There are a lot of shitty jobs that very few people would be willing to do if it weren’t for the paycheck. I don’t know anyone that enjoys breaking up fatbergs in sewers, or changing bed pans in nursing homes, or cleaning out abscessed wounds so foul that you’d instantly vomit if you didn’t have half a bottle of peppermint oil saturating your mask.
I have yet to meet a roofer that enjoys roofing during the summer. Or landscapers that enjoy clearing out poison ivy or poison oak. You think the people that clean up road kill are doing it just for the love of the game?

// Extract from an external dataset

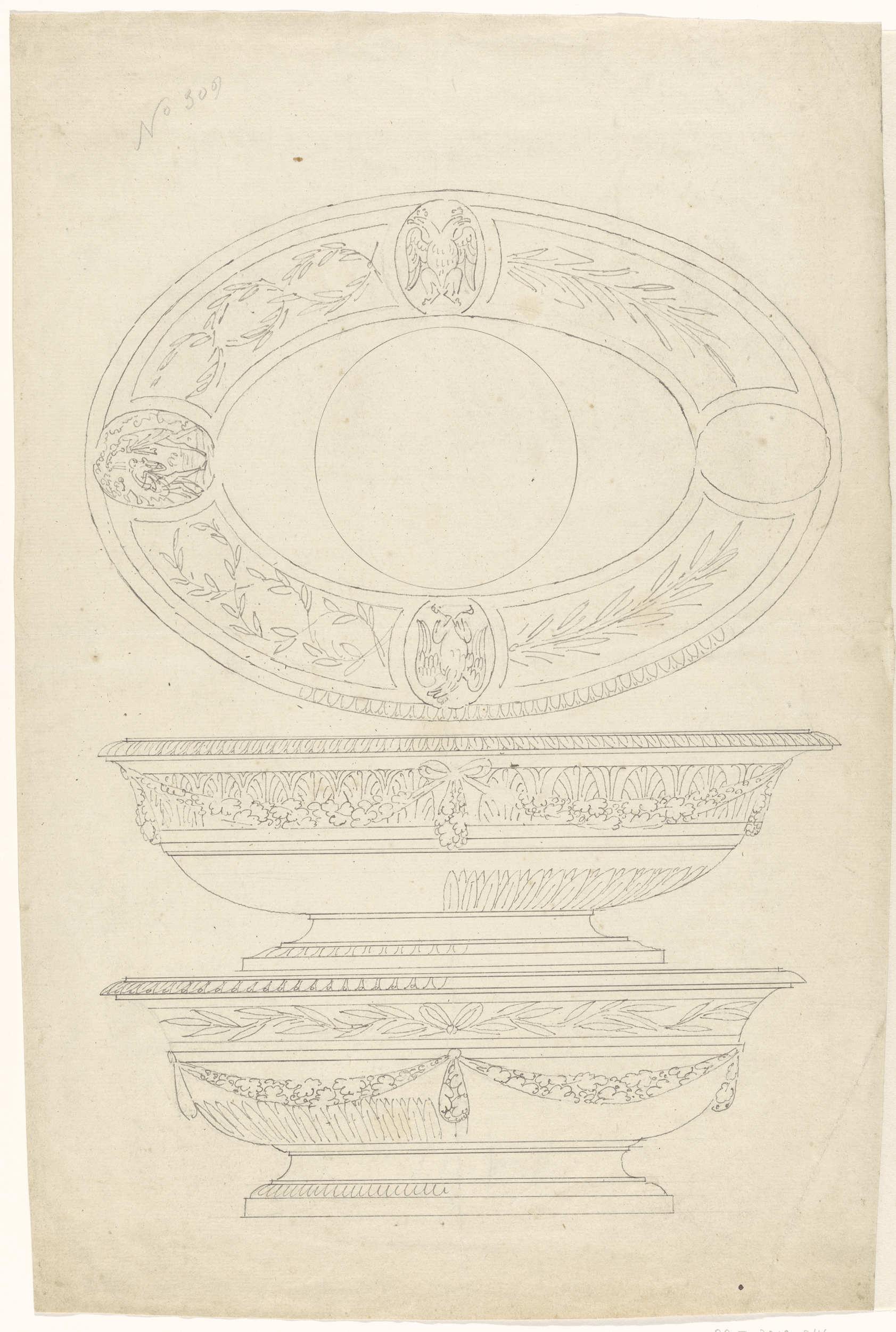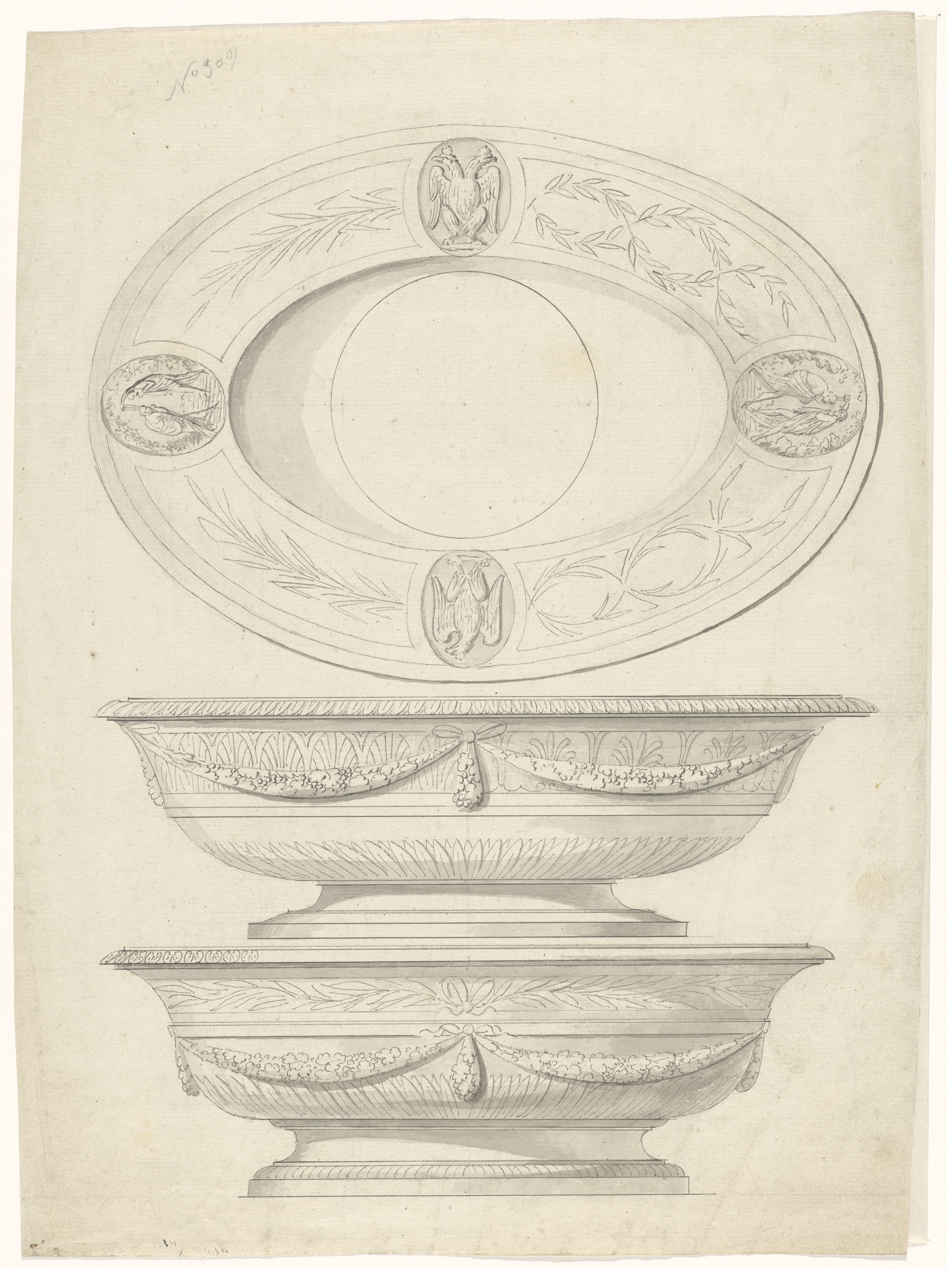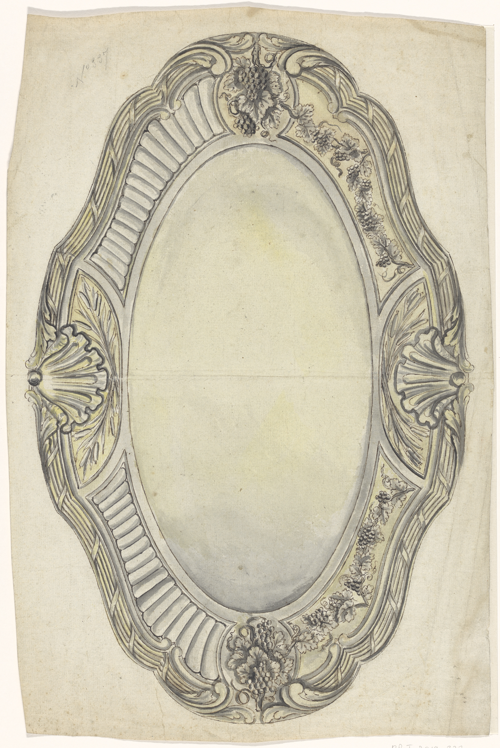 Ontwerp voor een met druiven versierde schaal (voora...

I’m sure there are people that exist that do enjoy these jobs, but the demand for them is much higher than the number of people who would be willing to do it without compensation. Yet all these jobs are important. You aren’t going to convince me that maintaining a sewage system is a waste of resources. Or that we should allow wounds to fester if they’re too icky. Or that we shouldn’t care about removing rotting animal corpses.
This reads as someone that has never done a bit of physical labor in their entire life and just wants their Linux to be left alone.

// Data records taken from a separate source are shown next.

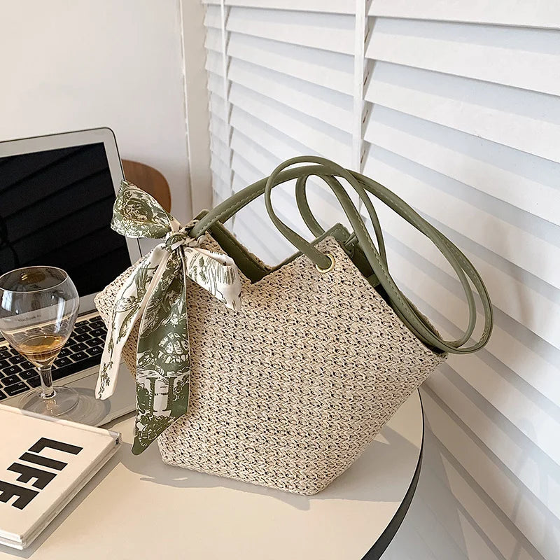 Summer Lace Beach Straw Handbags Large Capacity Hand Woven Totes Shopper Bags
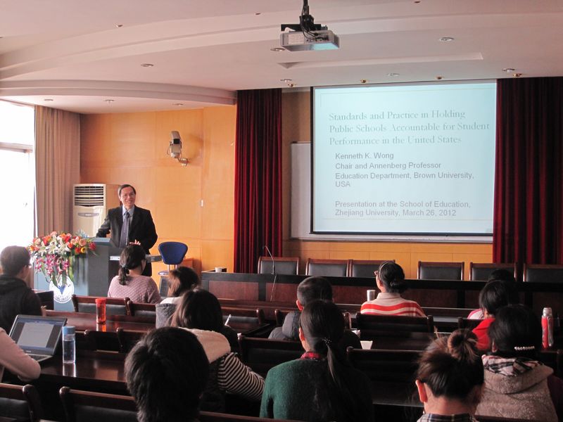 On March 26 and 27, 2012, Kenneth K. Wong, Professor and Chair of the Education Department at Brown University visited our college and made arrangements for further academic and educational cooperation.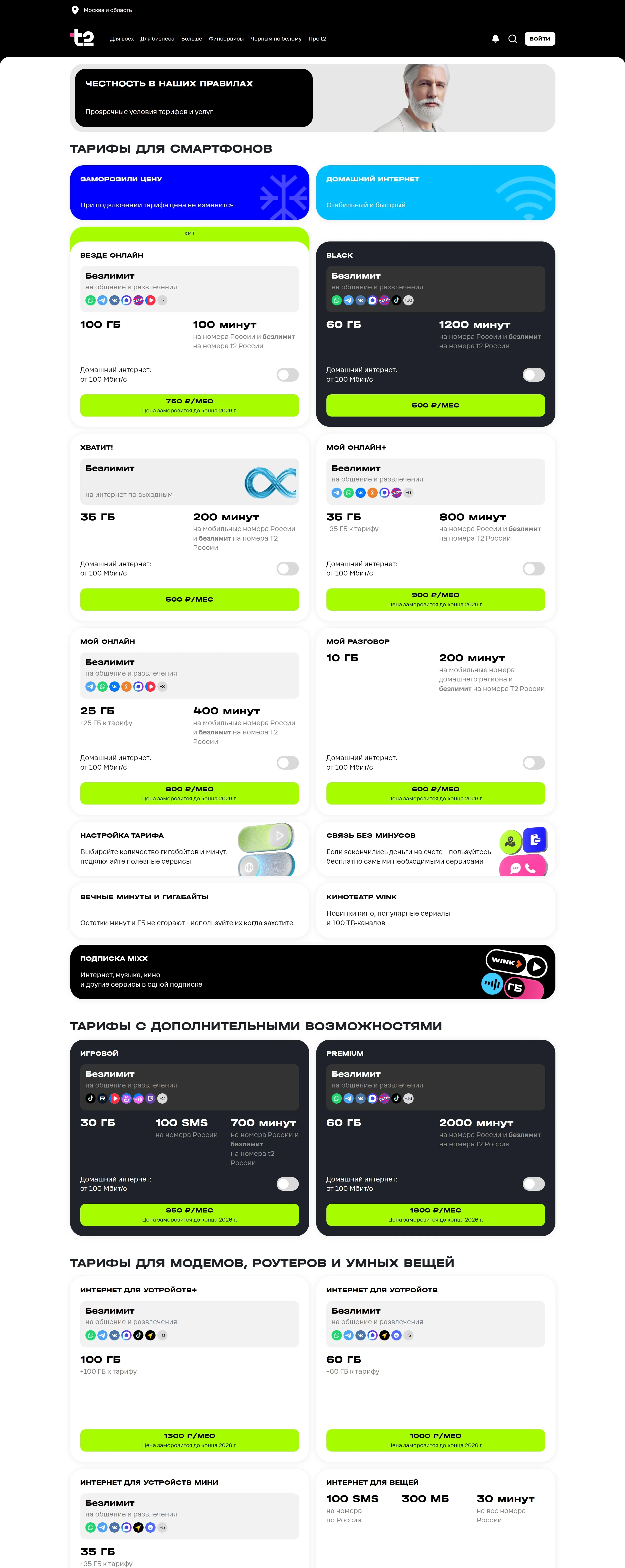 Главная t2, тематика — Телекоммуникации, цвета — Белый, Черный, Серый, стиль — Корпоративный, типографика — Без засечек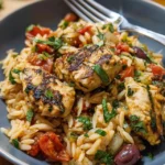 Keywords: Mediterranean chicken, orzo recipe, healthy dinner

I’m not a moneyologist, but I think that’s describing market economy rather than capitalism. ME is older and can solve some things that capitalism doesn’t.
In the ‘garbage / sewage’ scenario, you might be willing to do those things (ie not forced) in exchange for something else consider more valuable to you. No ownership is required for that.
I’ll play
Garbage collection
I dont get it
Garbage collection is a job nobody will volunteer for. It’s heavy, dirty, stinky work.
People typically do it because they don’t have another choice
You think people will happily volunteer for things like that before the streets become one stinking heap?bNoy happening.
Well yeah that’s why it’s often a government service, and the romans had garbage collection two thousand years before capitalism so idk, i guess i dont get the point of what people are trying to say here
People here think we don’t need a government to collect trash, communities will do that themselves, with magic!
I think we would probably have to re-imagine our relationship with garbage to some extent. Take more personal responsibility for the garbage we create. Being a garbage collector would probably be a much more respected position too since they’re doing something that directly benefits the community.
Garbage collection doesn’t have to be a life sentence either. Maybe it’s just something you work for a couple months at a time. If people don’t care about the community littering would still be a problem. But is anarchism even possible if people don’t care about their community?
Yeah, that all sounds very nice. Now tell that to the average dumbass joe who doesn’t care…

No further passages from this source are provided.